“I have been to America.” I replied, “the newest and biggest of all countries”—and as of old I was talking, and he was listening; only this time it was not of the past, and of the people, who, having done their work, were dead and forgotten, but of a country of a great present, and a still greater future. And as of old his old face was full of interest and kindness.
Presently he asked, “But my little lady, what have you done with the roses of your face? You are pale and worn out.”
“One has to work hard in America,” I replied. “It is a country which requires of your best, of your utmost, if you are to succeed.” And again I went on to tell him of the fast trains which go sixty miles an hour, of the elevated trains, flying above the middle of the streets, and of the preparations for the subways, which were to burrow in the depths of the city.
“But why are they working so hard and preparing so much?” he asked, a bit bewildered. “After all they will have to die, and when they are dead they can only have a grave like anybody else.”

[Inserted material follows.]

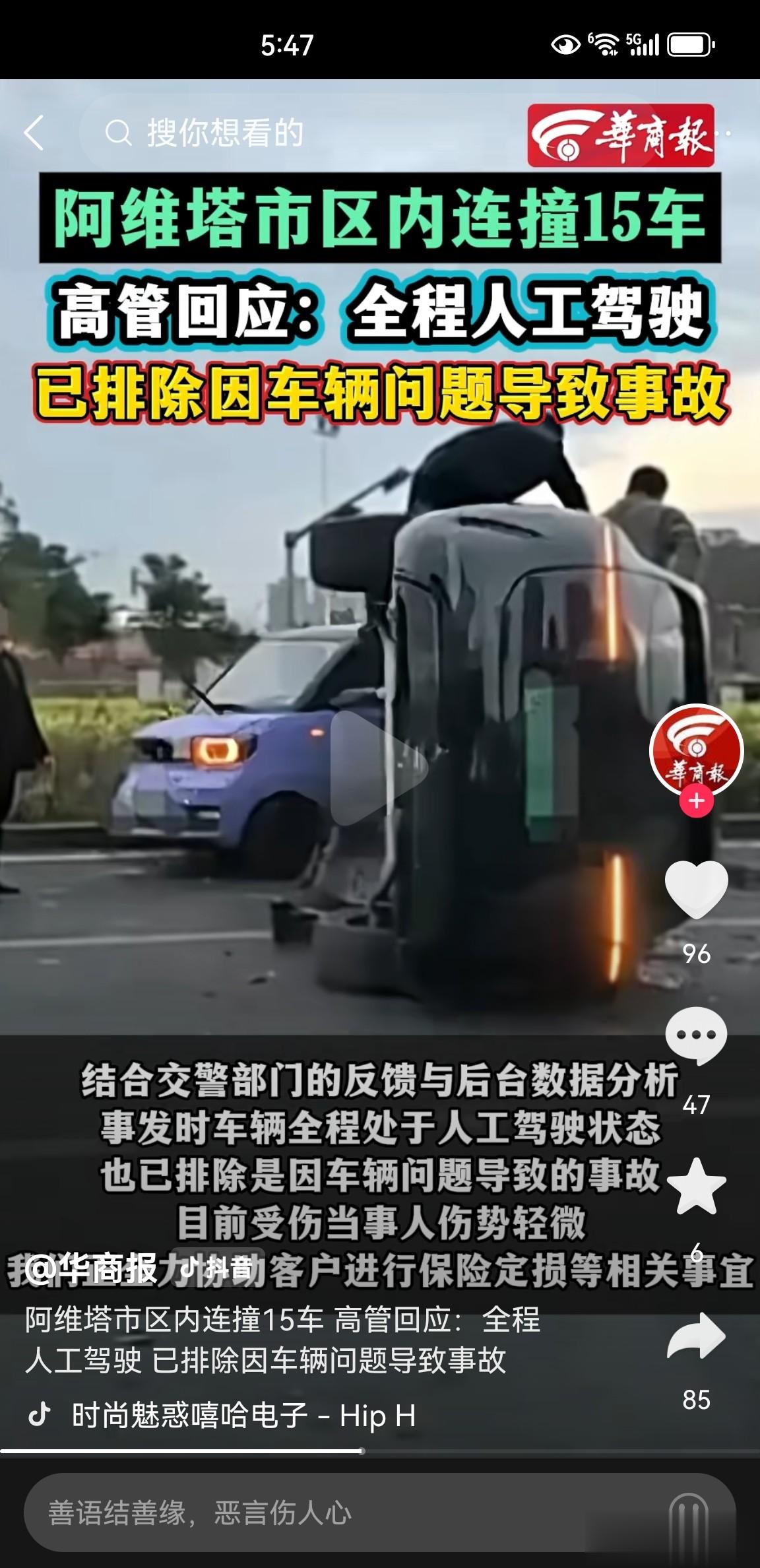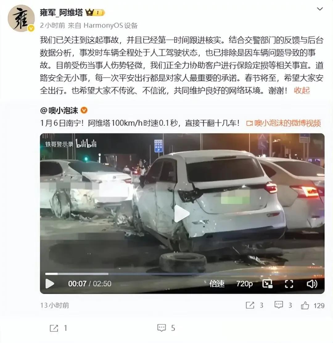 阿维塔副总裁回应对此,阿维塔科技副总裁雍军做出回应。他表示事故发生后,公司第一时间派人跟进核实,后续结合交警部门的反馈和车辆后台数据进行分析,得出的结论是:事发时车辆全程处于人工驾驶状态,也已排除是因车辆问题导致的事故。

I shook my head. “They are making away with the graves, my Ali Baba. They have invented a quicker and more expedient way of getting rid of the body. They place it on a table in a special room, and within two hours all that is left of it is a simple white strip of clean ashes.”
He gasped. “They have done that?” he cried in horror. “They have done that! Allah, can’st thou forgive them?” He leaned towards me, earnestness and entreaty in his kind face. “Don’t go back there, my little one, don’t go back there again. It is an accursed country which steals the peace from the living, their bodies from the dead, and robs a child of her roses. Say that you are not going back, my little one.”
Again I shook my head. “When I left there, my Ali Baba, I bought my return-ticket. I wear it like an amulet around my neck. I am going back as soon as my presence is no longer needed here.”
He let his oars drop. “You are going back?” he asked with awe. “But why?”
I looked at him, and beyond him at old Byzantium—once Greek, now full of minarets and mosques and all they stood for. A red Turkish flag floated idly against the indigo sky.
Why was I going back to that vast new country so diametrically different from his own? Could I explain to him?